▸ **Provided data**
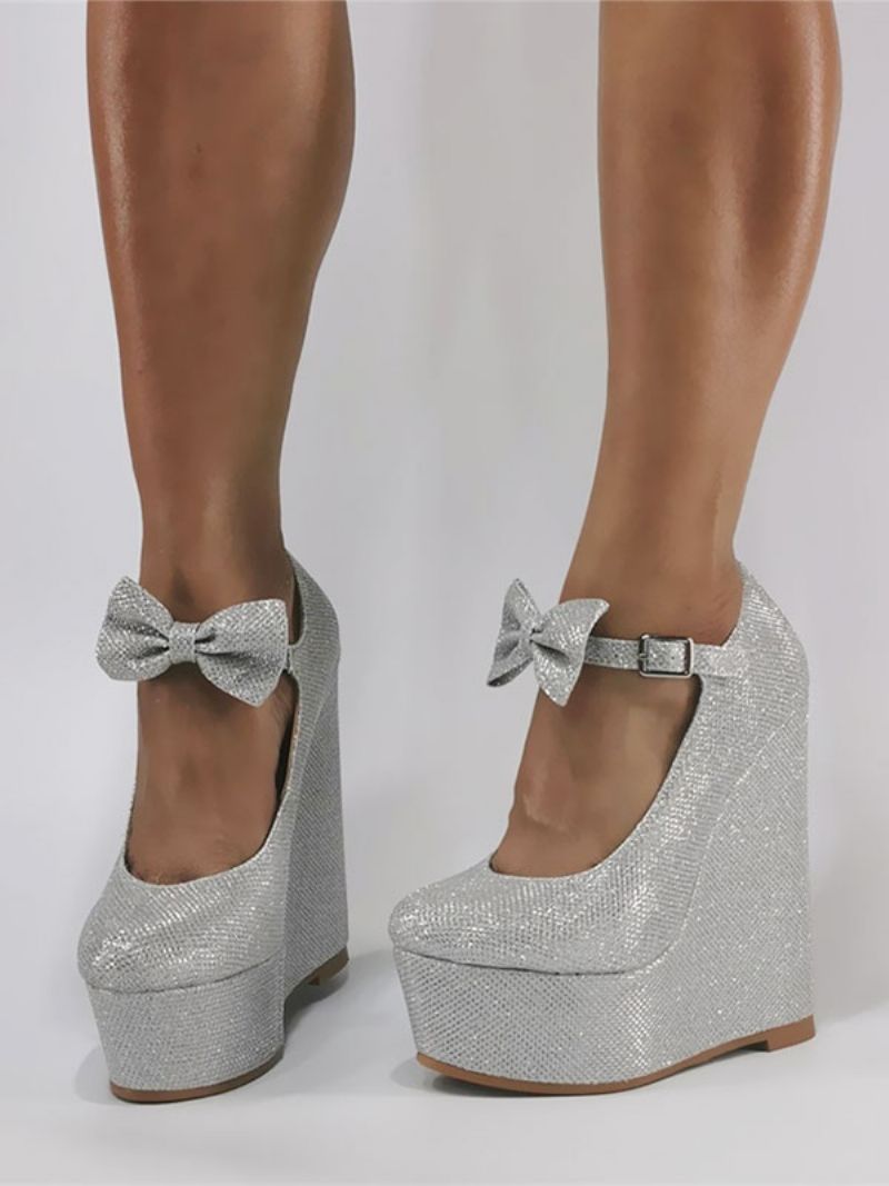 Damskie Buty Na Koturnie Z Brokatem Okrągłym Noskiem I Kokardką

---

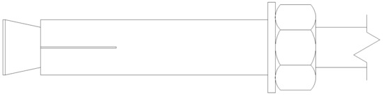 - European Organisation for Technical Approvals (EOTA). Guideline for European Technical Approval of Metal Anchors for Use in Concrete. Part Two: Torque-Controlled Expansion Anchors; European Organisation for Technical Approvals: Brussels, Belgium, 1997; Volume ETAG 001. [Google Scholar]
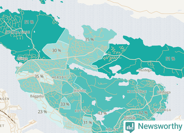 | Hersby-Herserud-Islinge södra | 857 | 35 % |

...

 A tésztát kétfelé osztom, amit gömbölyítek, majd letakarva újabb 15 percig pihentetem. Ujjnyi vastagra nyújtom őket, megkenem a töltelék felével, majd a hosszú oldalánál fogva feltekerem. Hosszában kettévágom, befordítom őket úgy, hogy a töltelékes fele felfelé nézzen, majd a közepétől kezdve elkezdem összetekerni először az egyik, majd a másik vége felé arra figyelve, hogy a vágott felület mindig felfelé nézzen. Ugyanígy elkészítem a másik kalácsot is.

▸ **Exercise requirements**
Out of the records above, set down only the lines from the one that contains "- European Organisation" through the one that contains "857 | 35 % |", unchanged and without the pictures.

▸ **Result for this task**
 - European Organisation for Technical Approvals (EOTA). Guideline for European Technical Approval of Metal Anchors for Use in Concrete. Part Two: Torque-Controlled Expansion Anchors; European Organisation for Technical Approvals: Brussels, Belgium, 1997; Volume ETAG 001. [Google Scholar]
 | Hersby-Herserud-Islinge södra | 857 | 35 % |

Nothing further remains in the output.